The research goes beyond current conflict reporting research and enriches research on emotions in journalism. It shows that to understand current conflict reporting ecosystems, we need to unlearn the dichotomies present in (war) journalism research: reporters and fixers, foreign and local, objectivity and subjectivity, emotionality and rationality, precarity and power, and even journalism and activism. The outcomes are organized around the following argumentation line:
1. Research on conflict reporting needs more postcolonial thinking: more complexity and nuance. We also need to take seriously media professionals' emotional labour and the many risks to mental well-being faced by all media professionals covering war zones.
2. The collaboration among media professionals covering wars and conflicts is characterized by a perceived 'emotional gap' between 'locals' and 'foreign' reporters. This project shows that the different levels of closeness within the transnational teams are valued because they can lead to complex, higher-quality, ethical journalism. Local producers and fixers provide their contextual expertise, in-depth knowledge of the war and its history, and empathy with sources; foreign reporters provide perspective and transnational experience.

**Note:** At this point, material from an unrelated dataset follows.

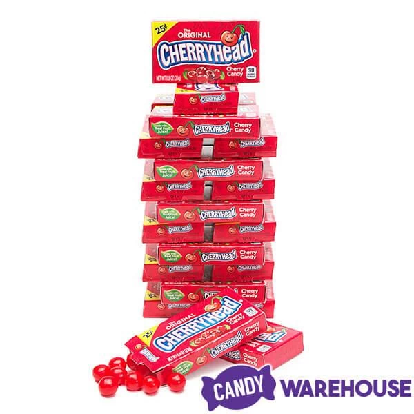 Display box contains 24 Cherryhead Candy Mini Packs, each with a net weight of 0.8 ounce.
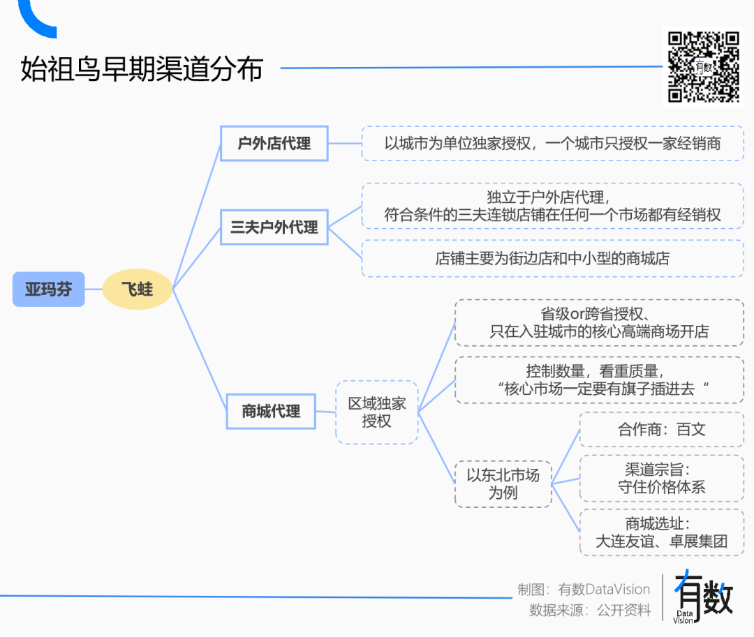 例如,如今貴為商圈頂流、比鄰愛馬仕的始祖鳥,在亞瑪芬時(shí)期卻沒能在中國開出一家直營門店,它選了飛蛙作為中國總代理商,并分包給多家經(jīng)銷商來完成最終銷售。

3. The affective proximity, usually associated with media professionals of local origin, is often a source of mistrust. Many local media professionals in war and conflict areas do not feel trusted by their foreign colleagues just because they are local, and, therefore, supposedly too emotional and biased. The research argues that this fear of bias is a case of epistemic injustice: a situation when someone suffers a credibility deficit based on skin color, gender, or origin. The research challenges the epistemic injustice by investigating how local media professionals living in Ukraine, Israel, and Palestine perform emotional labour. These media professionals manage their affective proximity and have thought-through strategies on how to compartmentalize their affects, opinions, and behaviour. As a result, their emotional engagement does not necessarily lead to bias and rather works as a form of embodied knowledge.
4. The project further explores how emotions become a part of journalists’ knowledge production by conceptualizing affective epistemology in journalism. The project identifies four epistemic affordances of emotions in (war) journalism. We also show that current conflict reporting forms alliances with discourses on human rights and justice and with legal fact-finding institutions, thus challenging the boundary between journalism and activism. The professional norms of neutrality, balance, and distance are being replaced by new standards in fact-finding, verification, and open endorsement of democratic values.
5. Mainstream war journalism can also learn from freelance reporters from relatively small, non-Anglophone media markets. These reporters, who find themselves in the middle of the conflict-reporting hierarchy of precarity, remain neglected by academic research.
Based on these nuances, challenging the typical hierarchies in war reporting, the project also provides guidelines for ethical and sustainable collaboration among reporters, fixers, and local producers covering war zones.